Rather than being caused by mental wellbeing issues, it was believed to be caused by poorer drug supply (more impurities).
So if closing the border made our drugs worse-quality, isn't the US the problem?
This is like the US closing the border because they're worried about all the illegal guns crossing into the US from Canada...
-
[email protected]replied to [email protected] last edited by
I'm also a dual citizen, and as soon as people find that out, all they want to talk about is "your president", as if I voted for the motherfucker. I've lived in Canada for 16 years and will never go back to that shithole, and everybody wants me to take responsibility for what D-bag does. I didn't vote for him, I don't live in the US, and all they want to do is yell at me every time he does something idiotic (which is of course every single day). Needless to say I stopped telling people where I'm from. I've gotten really good at the Canadian accent, I sound like I was born & raised on the Prairies. Nobody could pick me out... except for the fact that I don't have a German surname and I'm not Mennonite
-
[email protected]replied to [email protected] last edited by
at some point they're gonna want our water, and it'll be much easier if we're a US territory when they finally make the decision to take it
-
[email protected]replied to [email protected] last edited by
I think you're missing the sheer scale of production capacity, and severely underestimateing how it actually makes the primary issue (logistics) so much worse. Refinement turns the raw inputs into MANY output products, and you can't mix them, so suddenly you have the same volume of products, but suddenly you need even more complex logistical frameworks to move them. The suggestion of putting refineries in AB when we're already bottlenecked is the industrial equivalent of hiring a pro athlete to teach a newborn infant to run. There isn't a conspiracy as to why refineries are all geographically positioned for maximal logistical efficiency: they're extremely sensitive to logistics.

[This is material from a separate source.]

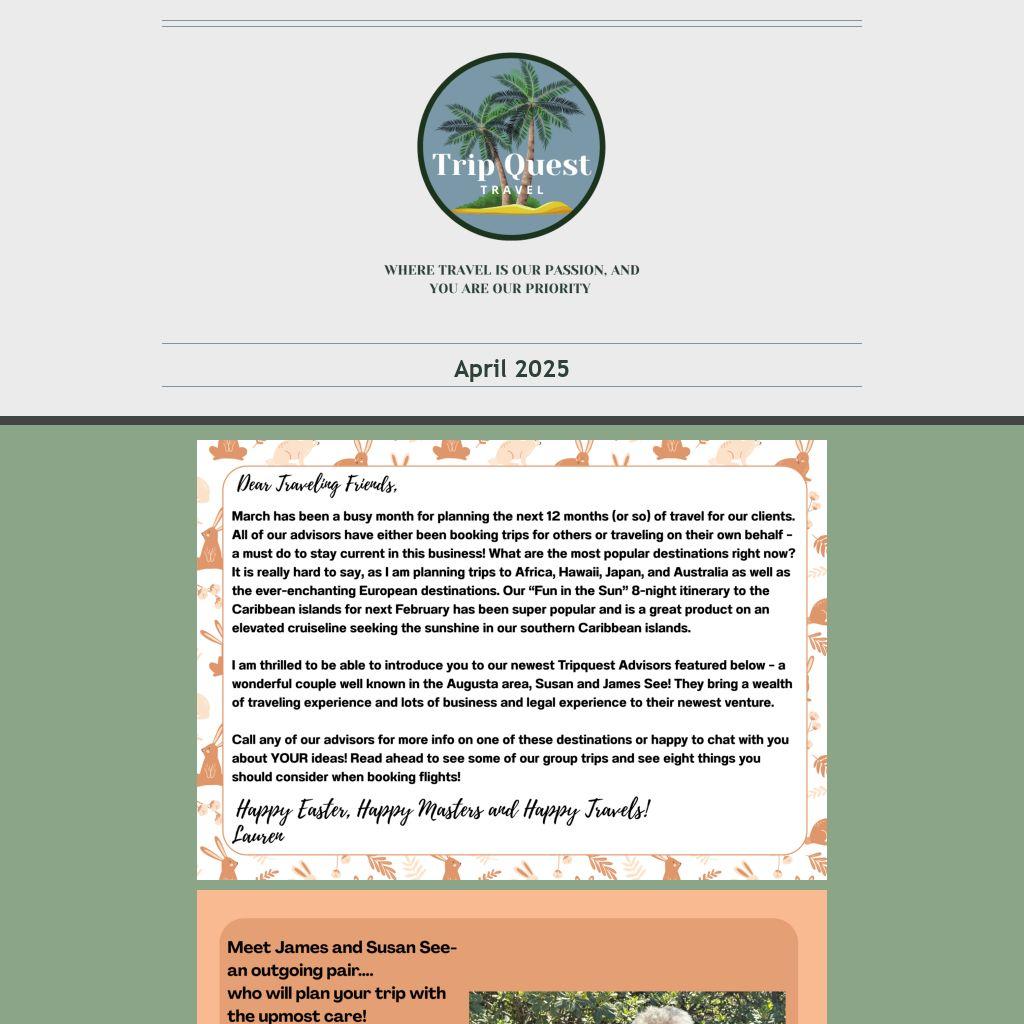 I am Lauren Williams, owner of Trip Quest Travel Services for the past ten years. Moving from three decades in education to becoming a travel consultant has caused me to shift from “The Doctor of Education” to “The Doctor of Travel.” My clients are often just like me – they want a rejuvenating vacation that teaches them about the world and the cultures around them. I love beautiful scenery, exploring new places, and learning something new every day! Aside from travel, I stay busy with my husband, Steve, who has joined me in the travel business, and our four children and thirteen grandchildren. Being active in the church and in our community feeds our souls as well. I love to play pickleball and bridge when I am not helping clients plan that perfect trip! Because our world is so much smaller now, I am happy to work with clients wherever they might live…but by referral only. Let me know if you have friends or family who would like to be added to my monthly newsletter list! Also, let me know if there is something you’d like to know more about!

If we were going to put a refinery anywhere, it should be in BC. If they're more comfortable putting other refined petroleum products on ships, sweet. The construction is big money infused into the economy, so is the operation. So is the increased shipping activity.
Like, Canada is one country, and now more than ever it HAS to be operating at the national level of economic interests. Canada HAS to integrate it's energy with the rest of the world.